Op het nieuwe onderzoek is vanuit de sector direct commentaar geuit. In dit geval door luchtvaartconsultant Gerben Broekema in dagblad Trouw. Hij vindt dat het nieuwe model niet voldoende parameters meeneemt om recht te doen aan de feitelijke situatie. Dat is nogal obligate kritiek, want ieder model dat meer variabelen beschouwt zal meer nauwkeurigheid bieden.
Toch heeft Broekema deels gelijk. De impact van condensstrepen in het nieuwe model is een gemiddelde over de hele dag. Maar deze condens heeft volgens de meest gangbare inzichten vooral ‘s nachts een opwarmend effect en overdag niet.

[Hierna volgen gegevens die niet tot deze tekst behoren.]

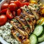 - Assemble Bowls: Start with a base of quinoa or rice. Add grilled chicken, cherry tomatoes, cucumbers, red onion, olives, and feta cheese. Drizzle tzatziki sauce over the top and garnish with parsley.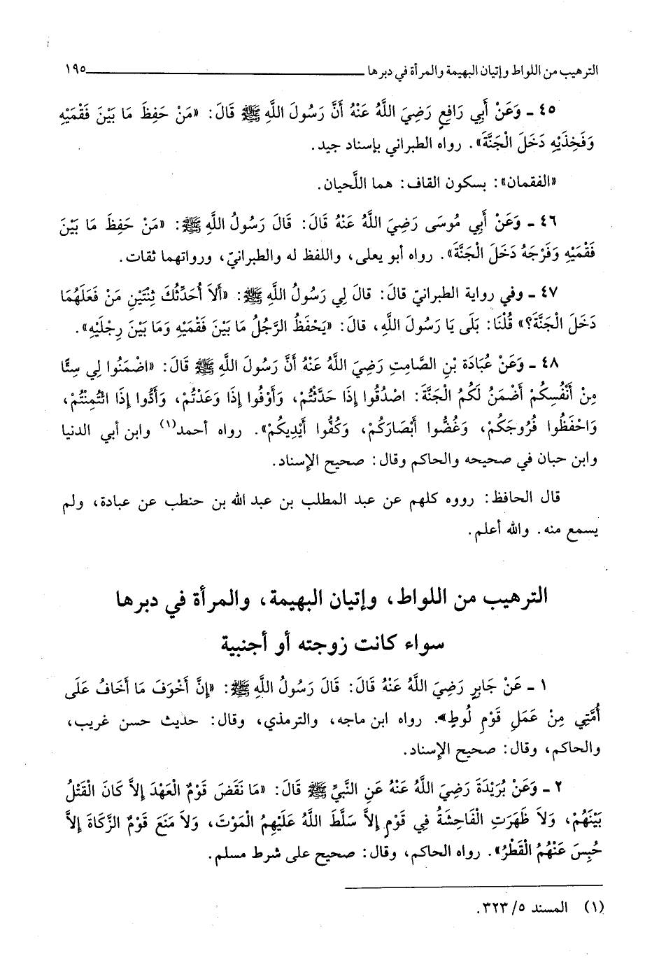 رح 74 وَفِي رِوَايَة الطَّبَرَانِيّ قَالَ قَالَ لي رَسُول الله صلى الله عَلَيْهِ وَسلم أَلا أحَدثك ثِنْتَيْنِ من فعلهمَا دخل الْجنَّة قُلْنَا بلَى يَا رَسُول الله قَالَ يحفظ الرجل مَا بَين فقميه وَمَا بَين رجلَيْهِ

Groter effect nachtvluchten
Kijkend naar de activiteiten op Schiphol zie je dat de intercontinentale vluchten van KLM vooral later op de dag vertrekken om de feedervluchen in staat te stellen buitenlandse passagiers aan te voeren voor de overstap op Schiphol. Die vluchten strekken zich voor het merendeel uit in nachtelijke uren waar de klimaatschade het grootst is. En dat is significant, want NLR laat zien dat deze intercontinentale vluchten, circa 25 procent van het totaal, het grootste deel van de kerosine verbruikt, zo’n 84 procent. De sector kennende zal in deze berekening geen sprake zijn van overschatting.
Het is belangrijk een goed beeld te krijgen van de werkelijke oorzaken om klimaatschade zoveel mogelijk te kunnen beperken. Daar draagt het nieuwe model van CE Delft sowieso aan bij. Het is in ieder geval van het grootste belang dat ook de andere, non-CO2-effecten worden meegenomen en voortaan te spreken over de totale emissies.
Het nieuwe basismodel laat zich bovendien eenvoudig aanpassen naar aanleiding van nieuwe wetenschappelijke inzichten. Blijkt uit een volgend onderzoek bijvoorbeeld dat de invloed van lachgas op klimaatverandering nog groter is dan nu wordt gedacht, dan hoeft niet het hele model te worden aangepast, maar slechts de wegingsfactor van die uitstoot.
Klip en klaar blijkt uit het rekenmodel van CE Delft dat de stelling niet houdbaar is dat de luchtvaart in ons land ‘slechts’ twee procent van de emissies veroorzaakt. Integendeel: het gaat om 16 procent, ruim acht keer zoveel. Dat is het eerlijke verhaal en daarmee moeten we rekening houden als we de klimaatafspraken uit Parijs willen halen.